Gucci (proprietà della holding del lusso Kering) ha invece scelto Firenze, città di origine del brand fondato da Guccio Gucci: qui nel 2018 ha aperto Gucci Osteria by Massimo Bottura, con la supervisione dell’über chef dell’Osteria Francescana. Affacciato sull’iconica Piazza della Signoria, il ristorante (1 stella Michelin) propone una cucina internazionale, servita naturalmente in finissime stoviglie Richard Ginori (altro storico marchio toscano acquistato e rilanciato negli ultimi anni proprio da Gucci). È affiancato da una boutique e da una galleria d’arte, oltre che dal nuovissimo cocktail bar Gucci Giardino 25. Dopo il capoluogo toscano Osteria Gucci ha aperto anche a Beverly Hills, Tokyo e Seoul. Roberto Cavalli (marchio che appartiene attualmente ad un fondo di investimento) ha fondato a Milano nei primi anni Duemila il celebre Just Cavalli, che si è poi espanso anche in Versilia e a Porto Cervo, oltre che a Dubai con il Cavalli Club Restaurant e Lounge. Lo storico marchio di cappelli Borsalino, simbolo di eleganza estiva e artigianalità made in Italy, ha invece inaugurato lo scorso anno a Marina di Pietrasanta il Panama Restaurant Beach Versilia by Borsalino, indirizzo décontracté che offre raffinati piatti di pesce con vista mare.

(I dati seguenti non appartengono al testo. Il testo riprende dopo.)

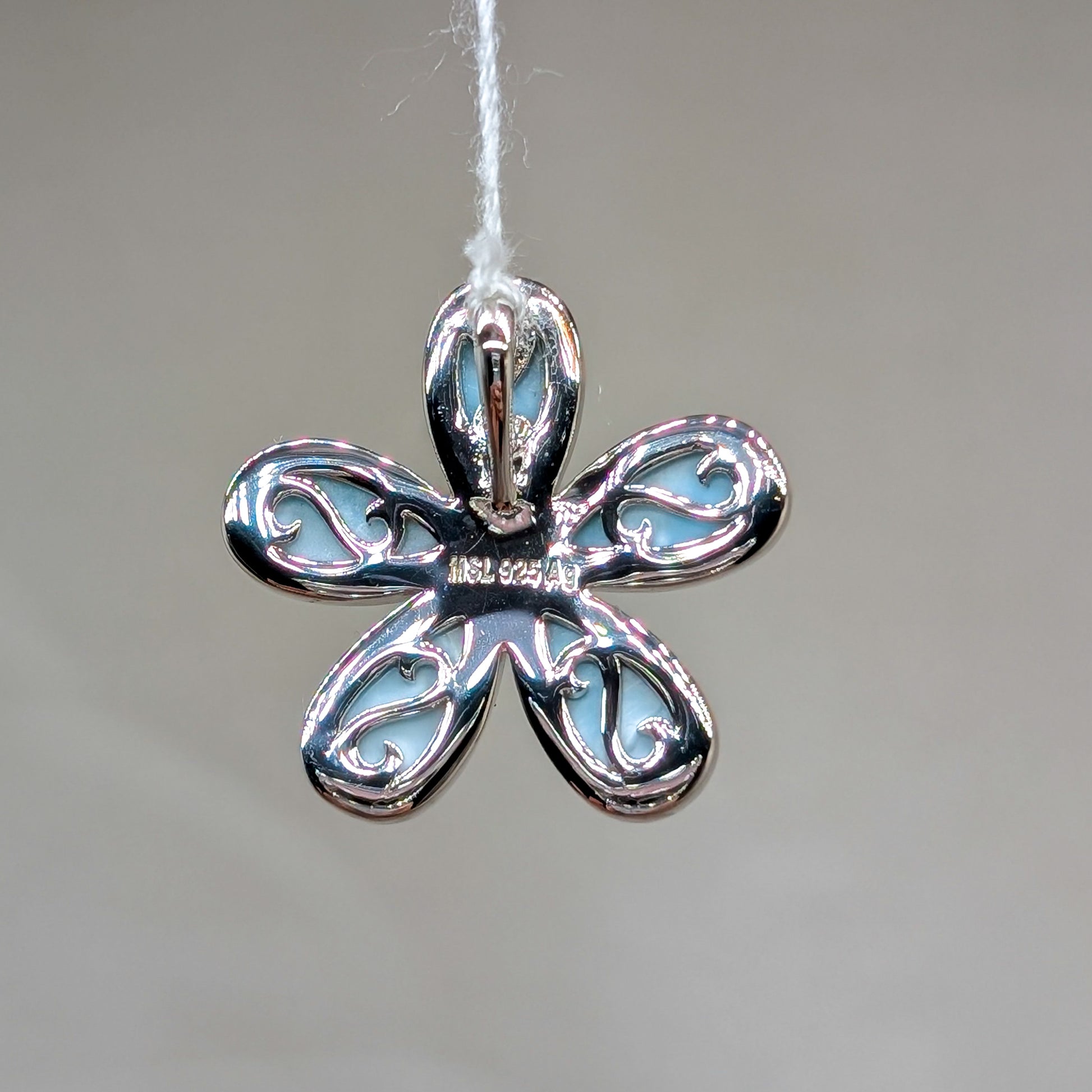 Kettenanhänger aus 925er Silber mit Larimar in Blumenform 🌸

E se a Roma Palazzo Fendi ospita il famoso ristorante giapponese Zuma (ma non partecipa alla gestione), Boss ha sperimentato nei mesi scorsi nella capitale un progetto pop up con il primo Boss Caffè al mondo, in piazza San Lorenzo in Lucina, poco distante dallo store. Il locale era customizzato con i colori del brand tedesco (nero, bianco e cammello) ed offriva una ristorazione ispirata alla cucina romanesca.

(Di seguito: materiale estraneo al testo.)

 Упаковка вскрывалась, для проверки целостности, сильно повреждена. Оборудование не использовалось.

Anche Oltralpe, come detto, l’abbinata fashion & food si conferma un cavallo vincente su cui puntare: nel mondo dell’alta ristorazione non poteva mancare la firma di Chanel, storica maison francese, da anni a Tokyo nel quartiere ultra-lusso di Ginza, con il ristorante Beige guidato dallo chef Alain Ducasse.